< Earlier Kibitzing · PAGE 6 OF 6 ·
|Jun-12-11|| ||Ulhumbrus: Ivanchuk has one problem, if one can call it a problem: Whereas Black can be satisfied with equality, White will want more.|
|Jun-12-11|| ||zarg: Did Ivanchuk fix his old time junkie problem?|
|Jun-12-11|| ||dakgootje: Naka can't get any advantage against Nisi according to the computers. Goose eggs. Then again, the position is very closed - so what do they know?!|
|Jun-12-11|| ||Domdaniel: <Zarg> - < old time junkie > One has to be careful with those three words.
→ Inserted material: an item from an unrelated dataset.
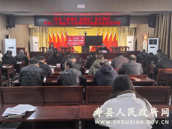 12月17日,寿县“举旗帜・送理论”学习贯彻党的二十届四中全会精神县级宣讲活动走进迎河镇,为迎河镇广大党员干部送上了一场深刻的思想盛宴。县委党校助理讲师、县级宣讲团成员王书媛受邀作专题宣讲报告,镇领导班子成员、各村党总支书记、镇直单位党组织负责人等 50 余人参加会议。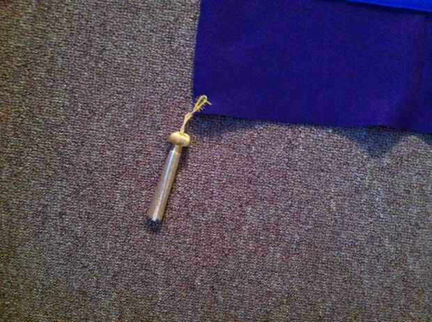 1. Coser las borlas en cada esquina. Ida y vuelta muchas veces fui puesto que estaría utilizando esto en una clase de 20 cuatro + cinco años de edad

A hyphen between the first pair is very different to one between the last two.|
|Jun-12-11|| ||SCUBA diver: How about 26. N-a5|
|Jun-12-11|| ||waustad: <dom>Aha, now I understand. After following the Zarg links, it makes perfect sense with the later hyphen.|
|Jun-12-11|| ||Ron: Last two moves by Carlsen were quickly played.|
|Jun-12-11|| ||BobCrisp: Lots of guessing going on. Anybody would think we don't really have a clue.|
|Jun-12-11|| ||anandrulez: Carlsen has the clock advantage now .|
|Jun-12-11|| ||dakgootje: I'm a new time junkie actually -- it always blows my mind if I get some time added. Couldn't care less about that old time that is on my clock anyway.|
|Jun-12-11|| ||Ulhumbrus: 28...Ra3 ties White up a bit|
|Jun-12-11|| ||zarg: <Domdaniel>
Comma helps? "...old, time junkie"
|Jun-12-11|| ||Gypsy: <Ulhumbrus: 28...Ra3 ties White up a bit> First things first; 18...Ke6, I tink.|
|Jun-12-11|| ||BobCrisp: I think <Ivanchuk> can manage 10 moves in 30 minutes.|
|Jun-12-11|| ||Gypsy: Now, White can start advancing K-side pawns. Still, the magnitude of difference between the positions looks about an epsilon sized.|
|Jun-12-11|| ||kudubux: *Yawn* next game, please.|
|Jun-12-11|| ||Ulhumbrus: Perhaps either player has decided that the other is not going to go too far trying to win.|
|Jun-12-11|| ||Domdaniel: Time to call it a draw, chaps.|
|Jun-12-11|| ||Ulhumbrus: <chessgames> Are you going to switch to another game, or is this the last one for today?|
|Jun-12-11|| ||moronovich: ½-½ .Time to move on.But a fine result for Magnus vs. his mainrival here.|
|Jun-12-11|| ||zarg: Good result indeed for Carlsen, Ivanchuk is the most dangerous player for him here, but I am more worried when Ivanchuk has black.|
|Jun-12-11|| ||BobCrisp: Game rained off.|
|Jun-12-11|| ||fab4: Rain stopped play.|
|Jun-12-11|| ||WiseWizard: Carlsen gained a draw at will today. Ivanchuk deviated from main-line Berlin but couldn't liven play. In the middle he was faced with 3 fold repetition or concede the a5 break and with it Carlsen's only weakness.|
|Jun-12-11|| ||Ezzy: Ivanchuk Vassily - Carlsen Magnus [C66]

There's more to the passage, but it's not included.